The posthumously released Manhattan Research Inc. (Basta, 2000, co-produced by Gert-Jan Blom and Jeff Winner) showcases Scott's pioneering electronic works from the 1950s and 1960s on two CDs (the package includes a 144-page hardcover book). Microphone Music (Basta, 2002, produced by Irwin Chusid with Blom and Winner as project advisors), explores the original Scott Quintette's work. The 2008 CD release Ectoplasm (Basta) chronicles a second (1948–49) incarnation of the six-man "quintet" format, with Scott's wife Dorothy Collins singing on several tracks. In June 2017, Basta issued a 3-LP/2-CD set entitled Three Willow Park: Electronic Music from Inner Space, featuring 61 unreleased electronic recordings made by Scott between 1961 and 1971 (Basta, 2017, produced by Gert-Jan Blom, Irwin Chusid, and Jeff Winner). AllMusic named the set one of the "Best Compilations of 2017".

Mark Mothersbaugh, through his production company Mutato Muzika, purchased Scott's only (non-functioning) Electronium in 1996 with the intention of restoring it.

J Dilla sampled "Lightworks" and "Bendix 1: The Tomorrow People" for the track "Lightworks" and "Sprite: Melonball Bounce" for the track "Workinonit" on his final album Donuts.

In 2023, Scott received a posthumous Grammy Award nomination in the Best Instrumental Composition category for "Cutey and the Dragon." The work was begun on paper by Scott in 1982 and completed in 2022 by Gordon Goodwin (who also received a nomination as co-composer).

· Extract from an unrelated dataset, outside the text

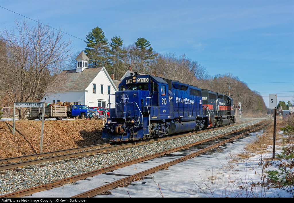 As Pan Am gears up for the regular return to White River Junction, Vermont next month, crews are making qualification/familiarization trips between Bellows Falls and White River Jct. On April 7, MEC GP40s 310 and 344 are seen southbound at Hartland, Vermont on the New England Central Railroad trackage rights that they exercise on the former B&M/CV trackage.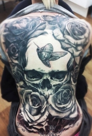 背部惊人的大面积黑白玫瑰与骷髅纹身图案

Its debut recording appears on the 2023 album Raymond Scott Reimagined by Quartet San Francisco, Gordon Goodwin's Big Phat Band, and Take 6.

==Death==
On February 8, 1994, Scott died of pneumonia in North Hills, Los Angeles, aged 85.

==Films and television==
In addition to Warner Brothers cartoons (which were intended for theatrical screening), the following movies include recordings or works composed or co-composed by Scott: Nothing Sacred (1937, various adapted standards); Ali Baba Goes to Town (1938, "Twilight in Turkey" and "Arabania"); Happy Landing (1938, "War Dance for Wooden Indians"); Rebecca of Sunnybrook Farm (1938, "The Toy Trumpet"; with special lyrics by Jack Lawrence); Just Around the Corner (1938, "Brass Buttons and Epaulettes" [performed by Scott's Quintette, but not composed by Scott]); Sally, Irene and Mary (1938, "Minuet in Jazz"); Bells of Rosarita (1945, "Singing Down the Road"); Not Wanted (1949, theme and orchestrations); The West Point Story (1950, "The Toy Trumpet"); Storm Warning (1951, "Dinner Music for a Pack of Hungry Cannibals"); The Trouble with Harry (1955, "Flagging the Train to Tuscaloosa"; words by Mack David); Never Love a Stranger (1958, score); The Pusher (1960, score); Clean and Sober (1988, "Singing Down the Road"); Honey, I Shrunk the Kids (1989, "Powerhouse" [uncredited, affirmed in out-of-court settlement]); Search and Destroy (1995, "Moment Whimsical"); Funny Bones (1995, "The Penguin"); Lulu on the Bridge (1998, "Devil Drums"); Looney Tunes: Back in Action (2003, "Powerhouse"); Starsky and Hutch (2005, "Dinner Music for Pack of Hungry Cannibals"); RocknRolla (2008, "Powerhouse"); Best of Enemies (2015, "Portofino"); The Space Between Us (2017, "Song of India"); and Won't You Be My Neighbor (2018, "Waltz of the Diddles").

In April 2021, Scott's "Powerhouse" was used for the CBS television show Young Sheldon, in the opening scene of the episode "Mitch's Son and the Unconditional Approval of a Government Agency" (season 4, ep. 14).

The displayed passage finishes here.